Semantic Prompt for Few-Shot Image Recognition

Wentao Chen,Chenyang Si,Zhang Zhang,Liang Wang,Zilei Wang,Tieniu Tan
2023-03-25
Abstract:Few-shot learning is a challenging problem since only a few examples are provided to recognize a new class. Several recent studies exploit additional semantic information, e.g. text embeddings of class names, to address the issue of rare samples through combining semantic prototypes with visual prototypes. However, these methods still suffer from the spurious visual features learned from the rare support samples, resulting in limited benefits. In this paper, we propose a novel Semantic Prompt (SP) approach for few-shot learning. Instead of the naive exploitation of semantic information for remedying classifiers, we explore leveraging semantic information as prompts to tune the visual feature extraction network adaptively. Specifically, we design two complementary mechanisms to insert semantic prompts into the feature extractor: one is to enable the interaction between semantic prompts and patch embeddings along the spatial dimension via self-attention, another is to supplement visual features with the transformed semantic prompts along the channel dimension. By combining these two mechanisms, the feature extractor presents a better ability to attend to the class-specific features and obtains more generalized image representations with merely a few support samples. Through extensive experiments on four datasets, the proposed approach achieves promising results, improving the 1-shot learning accuracy by 3.67% on average.
Computer Vision and Pattern Recognition
What problem does this paper attempt to address?

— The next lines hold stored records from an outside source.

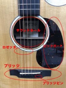 - サウンドホール (Sound Hole):ボディ中央に開けられた大きな穴です。弦の振動によってボディ内部で増幅された音が、ここから豊かな響きとなって放出されます。また、ピックアップが搭載されたモデル(エレアコ)では、内部のコントロール類を操作する入り口にもなります。
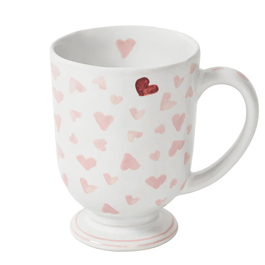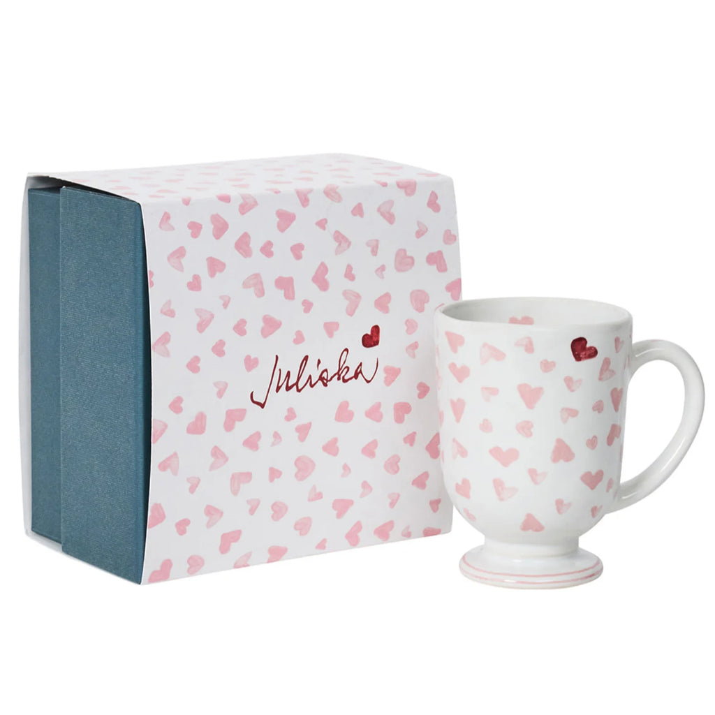 Start your day with a little bit of love. The Juliska's Love You More Mug in Pink features charming heart designs in a soft pink hue and one cherry-red accent.
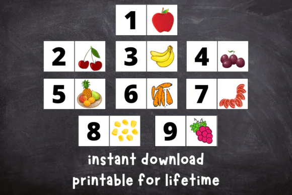 Make early math learning fun and interactive with these Learning the Numbers Flashcards for Kids. This printable puzzle-style educational set is designed to help children learn the numbers 1 to 9 by matching each number with the correct quantity of fruit.
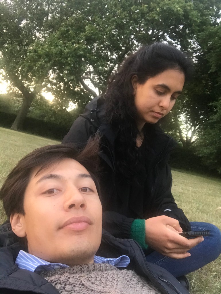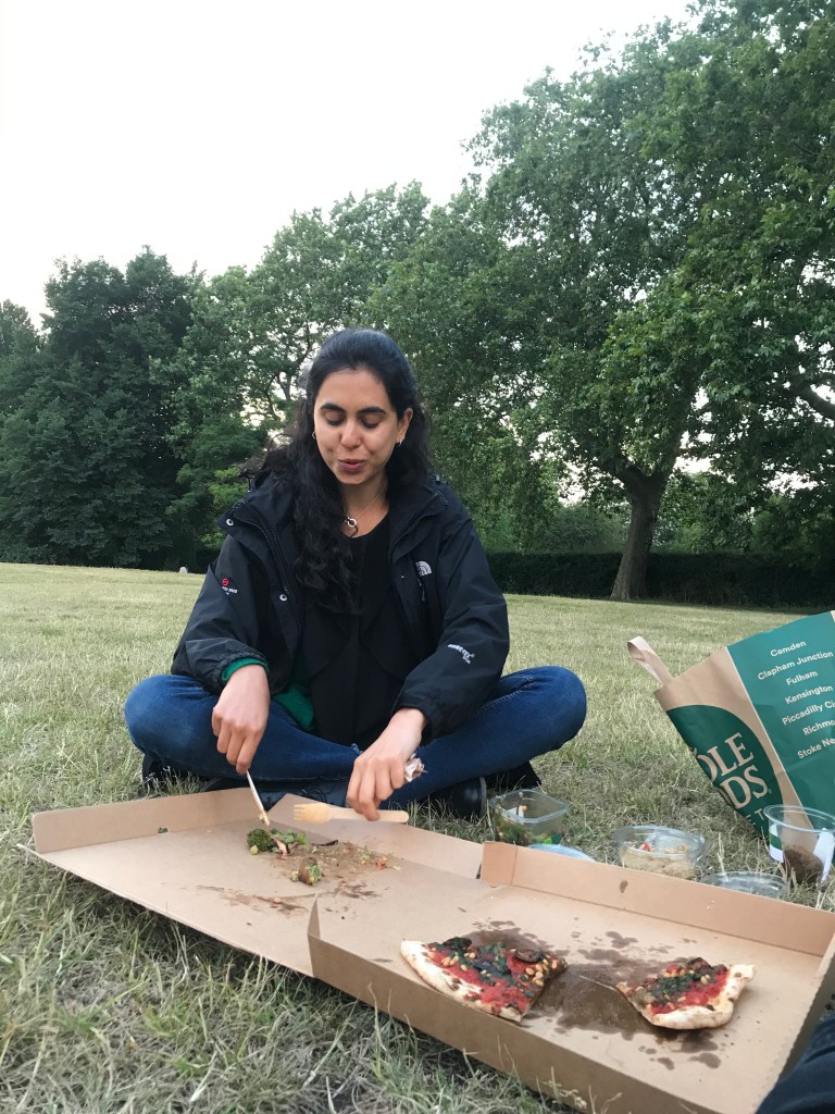 Leila woke up ahead of her alarm as usual and came downstairs to start work. She did quite a bit in the morning and chatted to Mony, Krystle and TDG about her diversity sessions during the day. Although it has been a bit of a frustrating few weeks, she’s happy that the work her team has done to organise diversity sessions has inspired others to do the same with their teams – she worked with Krystle to email a partner in IBD to suggest a similar structure, and she told TDG they should also set up a diversity council within CExp too. Alex came down a little later. He did some WB work and they had lunch together outside – A had pad thai and L had a tuna salad. A went for a run in the afternoon and ended up by Chapel Market where he picked up some oysters from a man who catches them daily. L worked all afternoon and had calls until 6pm. Then at around 7pm A opened some nice sparkling white wine from Lidl and they sat outside with the oysters. They chatted about whether they spend enough quality time together as L was feeling a bit down. They oysters were yummy and reminded them of New York, and A also put jazz on in the background. Then it started raining which put a dampener on A’s plans to go to a pub for pizza (which was actually Gordon Ramsay’s restaurant) but L convinced them to go anyways as she hadn’t left the house. They went to Wholefoods to pick up weird snacks for L (she took ages to pick) and then got the vegan pizza with aubergine and pesto and sat in Regents Park to eat. The pizza was yummy and it was nice, though a bit grey. Then they headed back and Leila ate half a cookie which tipped her over the edge despite Alex telling her not to. They watched United v Spurs and L was getting super annoyed by Mourinho’s moods and much preferred watching football with no fans when there were fake fan noises. Then her stomach was hurting post dinner and cookie so she squatted for a bit. Alex started looking for potential staycation locations and they headed to bed, and chatted for a bit before going to bed.
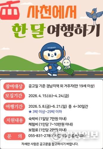 시 관계자는 “이번 프로그램은 단순 방문을 넘어 머무르며 사천의 매력을 깊이 체험할 수 있는 기회”라며 “참가자들의 생생한 콘텐츠를 통해 사천 관광이 더욱 널리 알려지기를 기대한다”고 말했다.

### Problems Addressed by the Paper The paper primarily addresses the challenging issue in **Few-shot Image Recognition**. Specifically: 1. **Background and Problem**: - In Few-shot Learning, it is difficult to train an effective classifier due to the very limited annotated samples provided for each new category (usually only a few samples). - Some recent studies attempt to alleviate the problem of sample scarcity by leveraging additional semantic information (such as text embeddings of categories) to combine with visual prototypes. 2. **Limitations of Existing Methods**: - Although existing methods utilize text information to some extent, they are still affected by incorrect visual features learned from the few support samples, leading to limited performance improvement. - These methods often fail to fully utilize text information to improve the visual feature extraction network, resulting in poor performance when recognizing new categories. 3. **Proposed Method**: - The paper proposes a new "Semantic Prompt (SP)" method, which adaptively adjusts the visual feature extraction network by using the text information of categories as prompts. - Specifically, the paper designs two complementary mechanisms to inject semantic prompts into the feature extractor: one mechanism interacts with patch embeddings in the spatial dimension through a self-attention mechanism; the other supplements visual features in the channel dimension. - By combining these two mechanisms, the feature extractor can better capture category-specific features and obtain more general image representations with only a few support samples. 4. **Experimental Results**: - Extensive experiments on four datasets show that the proposed method achieves significant performance improvement, with an average increase of 3.67% in recognition accuracy under the 1-shot setting. In summary, the paper aims to improve the visual feature extraction process in few-shot learning by effectively utilizing text information, thereby enhancing the recognition accuracy of new categories.